We were told the deplorable news Monday morning over Laneville High's intercom system. The shaky principal's voice came over the system telling us that there is news of a fatal asteroid that would hit the earth on Friday, and would not leave people to see Saturday. He then proceeded to tell us that if you would like to pick up your diploma you could do so in the office.
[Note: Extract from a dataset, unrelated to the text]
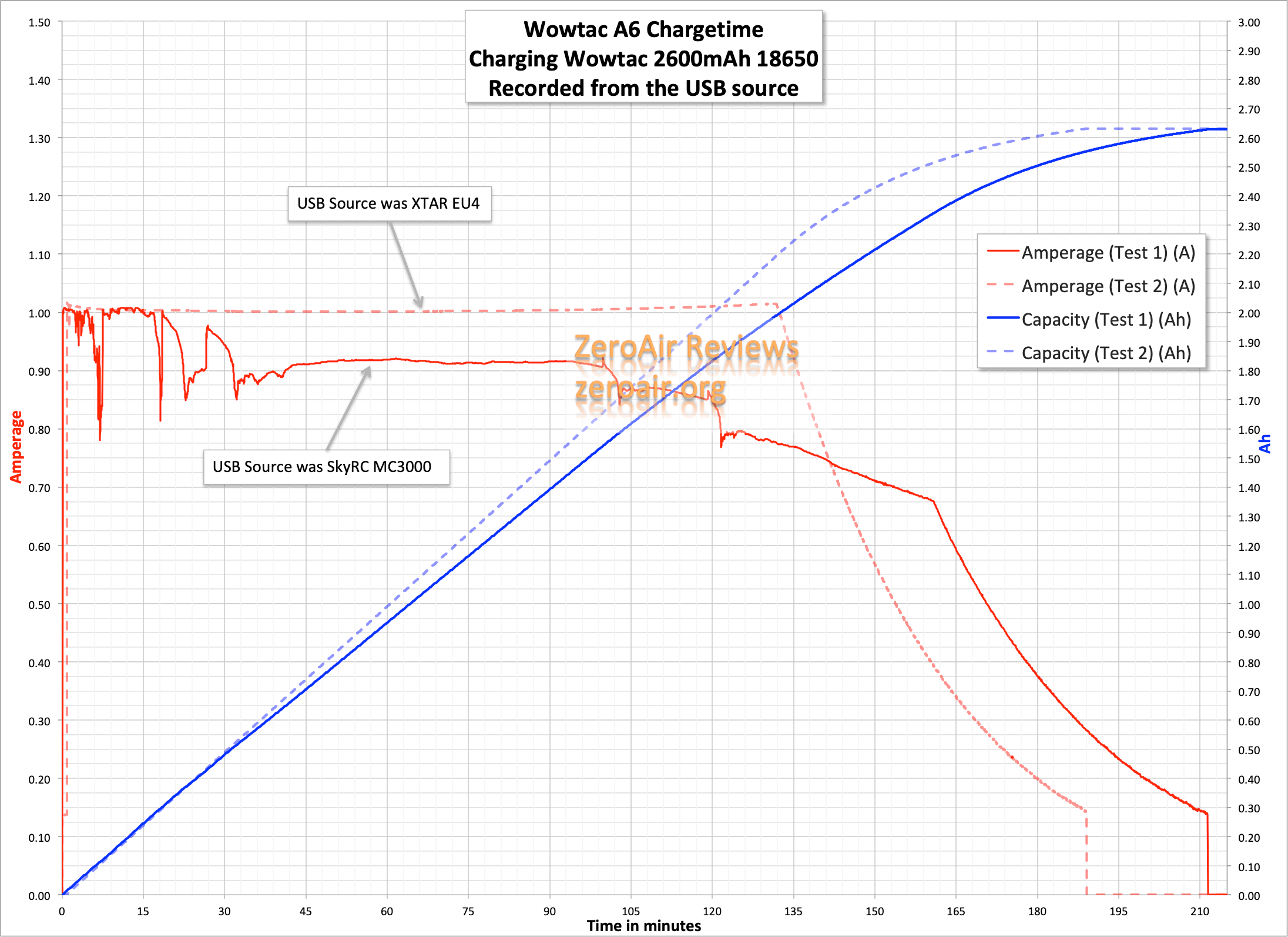 Here are a couple of charge tests. Looks like the light charges at around 1A. I used two different USB sources – it looks like the MC3000 USB out isn’t providing clean current. When the A6 has a good supply, the CC phase is 1A steady.

I remember that day more clearly then any other memory present in my mind. It is not that it was only two days ago or that it was the day I was told I was going to die. No, the reason I remember it so well is because of the reactions.
Chaos. That is what the intercom message should have brought to the school and it did. Some people began to cry and a few stoner boys that sat in the back of my class got up to leave and mumbled something about not dying sober. Some girls ran through the halls trying to find the boys they had crushed on through out the year, but were to nervous to do anything about before. Some cheerleader hugged the chess team captain and told him she admired his intelligence. Some Goth girls went into the bathroom and removed their heavily applied black eyeliner. Some jock boys ran down the halls unwinding rolls of toilet paper that fall on the floor behind them. Some honor roll students threw their textbooks away in the nearest trash can and commented on saving a few to burn for later. Some Health teacher lit a cigarette and walked down the hall high-fiveing a few of the jocks. Some girl dumped her boyfriend claiming she loves his best friend more. And I went to find my friends.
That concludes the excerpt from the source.